The News vs. the Data
The reality that’s often clouded by a constant stream of bad news is we’re actually seeing a massive drop in poverty, fewer deaths from violent crime and preventable diseases. On top of that, we’re the most educated populace to ever walk the planet.
“Violence has been in decline for thousands of years, and today we may be living in the most peaceful era in the existence of our species.” –Steven Pinker
In the last hundred years, we’ve seen the average human life expectancy nearly double, the global GDP per capita rise exponentially, and childhood mortality drop 10-fold.

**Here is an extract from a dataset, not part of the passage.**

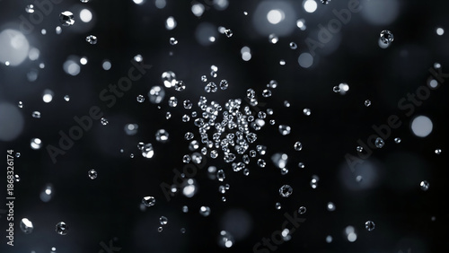 © abufahim, Fototapeta premium Sparkling clear diamonds or crystals falling on black background

That’s pretty good progress! Maybe the world isn’t all gloom and doom.If you’re still not convinced the world is getting better, check out the charts in this article from Vox and on Peter Diamandis’ website for a lot more data.
Abundance for All Is Possible
So now that you know the world isn’t so bad after all, here’s another thing to think about: it can get much better, very soon.
In their book Abundance: The Future Is Better Than You Think, Steven Kotler and Peter Diamandis suggest it may be possible for us to meet and even exceed the basic needs of all the people living on the planet today.
“In the hands of smart and driven innovators, science and technology take things which were once scarce and make them abundant and accessible to all.”
This means making sure every single person in the world has adequate food, water and shelter, as well as a good education, access to healthcare, and personal freedom.
This might seem unimaginable, especially if you tend to think the world is only getting worse. But given how much progress we’ve already made in the last few hundred years, coupled with the recent explosion of information sharing and new, powerful technologies, abundance for all is not as out of reach as you might believe.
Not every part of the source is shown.